Ошибись, милуя
Шрифт:
Анисья все время сидела недвижно, тесно сомкнув колени, на опущенных ресницах ее вдруг блеснули и замерцали слезы. Она вытерла их углом головного платка, но за ними навернулись другие — и, сознавая, что не справиться с ними, она, раньше чем встать, отвернулась к двери, а потом быстро поднялась и вышла из спаленки.
Семен поглядел ей вслед и, слабый после болезни, глубоко расстроился: ему показалось, что он по-казенному холодно говорил с нею, не сумел на признания ее отозваться чутким, сердечным словом и, несомненно, обидел ее. Но в ответ на жесткие покаянные мысли в душе Семена появилось настойчивое и согревающее намерение поговорить с Анисьей как-то по-иному, близко, доверительно, чтобы она знала, что и ему живется и думается
Он отошел от окна и вдруг почувствовал возврат усталости, от которой у него так близко под рубахой забилось сердце, что он прикрыл его ладонью и прижал ее левой рукой. «Ну что ж теперь, — ответил он на свою угаданную и прояснившуюся мысль. — Теперь только в работу и никаких увлечений, никаких слабостей. Испил, как говорят, свою чашу до дна».

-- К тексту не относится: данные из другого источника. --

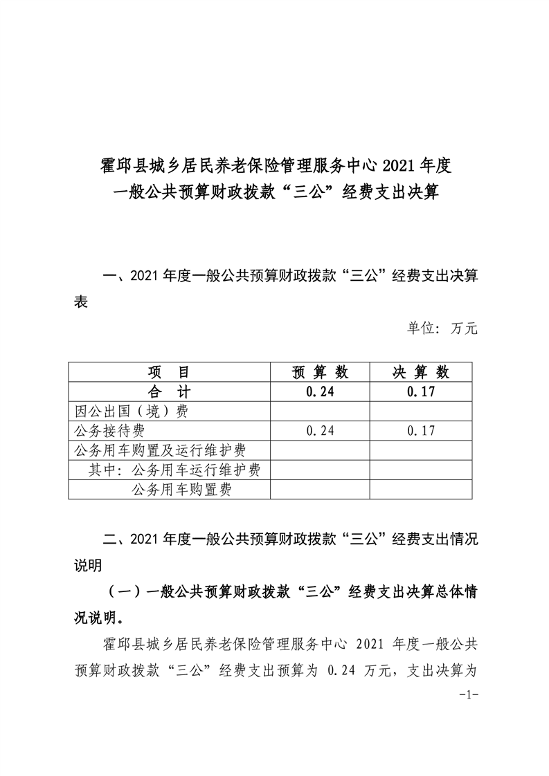 霍邱县城乡居民养老保险管理服务中心2021年一般公共预算财政拨款“三公”经费支出决算公开

То ли под влиянием мрачных воспоминаний, притупившихся во время болезни и вдруг внезапно и полно нахлынувших, то ли от желания утешить себя, но на этот раз Семен как-то резко и сурово подумал о Варваре: «Загорелось ей, загорелось. Не дождалась. Привыкла все по-своему, все напоперек. А потом станет раскаиваться. Вот и начнется красивая жизнь. Но как судить? Как винить, когда уже все решилось. Симочка Угарова, Петрова залетка, разве она малой ценой заплатила за свою девичью выходку! Господи милостивый, пошли ты им душевной светлости и равновесия, а казниться они будут сами. Вышло как у святоши, — осудил себя Семен за свои последние слова и тут же уяснил: — Да уж как ни вышло, а на этом и останусь».
XVI
Позимье — время светозарных просторов. Крепкое, свежее, чистое время. Все дали распахнуты настежь, и нет ни окольных дорог и лесов, нету границ и пределов — все без конца и начала залито мятежным светом, и в потоках его не будет спокоя зорким очам пробуждения.
Весна.
Солнце к полудню мешалось с морозом. А тени от домов и заборов делались темней и холоднее. Зато на припеке пахло отсыревшим снегом, и собаки, выбегая на солнце, весело обнюхивались, что-то узнавали и, упав на брюхо, били себя лапами по носу, шалея от пьяного воздуха.
Пришла пора весенним заигрышам.
В голубеющем небе завязывались кучевые облака, еще мутные и растрепанные понизу. Вороны, забирая одна выше другой, кривляются на своих широких крыльях, мотаются из стороны в сторону, будто серое тряпье, поднятое большим ветром.
Доброе знамение — к теплу.
Синицы в голой обдутой березе тонко и звучно берут звенящую высоту и с дерзкой отвагой возносят хвалу светлым весенним духам.
Лес за Мурзой почернел, словно выступил из снегов, и, глядя на него, одолевает радостная догадка, что в темных хвойниках уже свершился какой-то тайный перелом.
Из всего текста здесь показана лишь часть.